Red Cross meet tries to break deadlock on Israeli accession

GENEVA (AFP) — An international conference was mired Wednesday, as efforts continued to break a deadlock after a Muslim challenge to moves to facilitate Israeli membership of the global Red Cross movement.

Mediators were hunting for a compromise that would satisfy both Muslim countries and supporters of Israeli accession, who make up the majority.

The aim was to avoid a divisive vote at the conference of the 192 signatory nations of the Geneva Conventions and their respective national societies which make up the global Red Cross and Red Crescent movement.

“There is a strong commitment from the states and the national societies present to find a positive solution to be adopted by consensus,” said conference Chairman Mohammed Al Hadid, the head of the Jordanian Red Crescent.

“We are working towards this solution and we are hearing all sides,” he said, adding that he was remained “confident” of eventually ending the impasse.

Members of the Organisation of the Islamic Conference held up the gathering on procedural grounds for several hours on Tuesday’s opening day.

Pakistan and Tunisia also lodged a formal proposal calling on the meeting to confirm that the movement’s rules apply to Israeli-controlled Arab areas.

The proposal, which said that they fall within the respective jurisdiction of the Palestinian, Syrian and Lebanese Red Crescent societies, marked a diplomatic protest against Israel.

Pakistan and Tunisia proposed adding the wording — which was unacceptable to Israel — to a broader resolution on whether to change the statutes of the international Red Cross and Crescent movement to add a new “red crystal” emblem.

Changing the statutes would cement a deal from a conference last December, which capped painstaking negotiations to end a 56-year row and allow Israel’s Magen David Adom (MDA, Red Star of David) into the international network.

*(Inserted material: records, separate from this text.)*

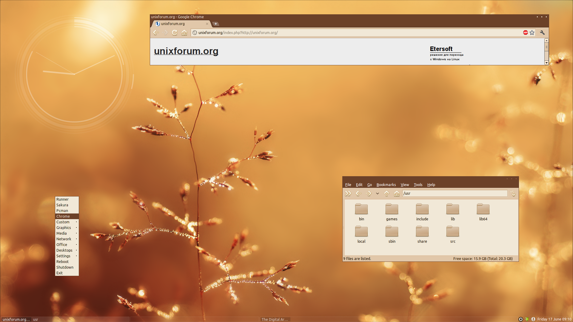 Свой скрин уже публиковал, но с тех пор произошли некоторые изменения. Отказался от индикатора раскладки в пользую индикации через Scroll Lock, переместил кнопку сворачивания окна в title направо. И в прошлом скрине я не открывал меню "Пуск". Индикатор раскладки я пользовал sbxkb, он оказался довольно глючным. По крайней мере с IceWM.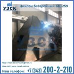 Батарейные циклоны модели БЦ-259 конструируются из нескольких металлических труб (выхлопных отводов), диаметр которых составляет около 26, 9 см. Элементы устанавливаются в параллельной плоскости и объединены корпусом с общей подводкой. Такие трубы предназначены для выхлопа и состоят из специальных заворачивающих лопаток, решетчатых элементов и опорных стоек футляра. Основную наружную панель оснащают патрубком для соединения и вибробункером, помимо этого, на панели устанавливают теплоизоляцию.
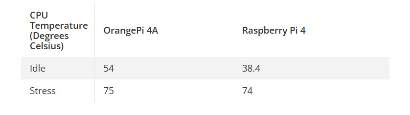 OrangePi 4A在高负荷状态下的表现如何?它确实会发热,而且开机时温度就很高!机箱内未配备散热片或主动散热装置,但设有5V风扇接口。开机待机时,OrangePi 4A温度即达54摄氏度,而树莓派4仅为38.4摄氏度。在满载测试中,尽管OrangePi 4A拥有双倍CPU核心,两者温度表现却几乎相同:五分钟满载测试后,前者达到75摄氏度,后者为74摄氏度。

The MDA was officially not recognised in the Geneva Conventions, even though Israel is a signatory, because its emblem did not conform with longstanding rules allowing only a cross or a crescent.

The Palestinian Red Crescent was also excluded because the statutes only allow relief societies from sovereign states to join.

That rule is also up for change.

The new crystal — in fact a red outline of a square standing on edge — is also meant to have a wider role for Red Cross and Crescent humanitarian workers in other areas where there is a need for a emblem that is free from religious or political connotations.

Opposition from Muslim countries led by Syria at last year’s conference sparked a brusing vote, in a break from Red Cross tradition.

The conference backed the new emblem 98-27, opening the way for the statute change. The remaining governments abstained or did not take part.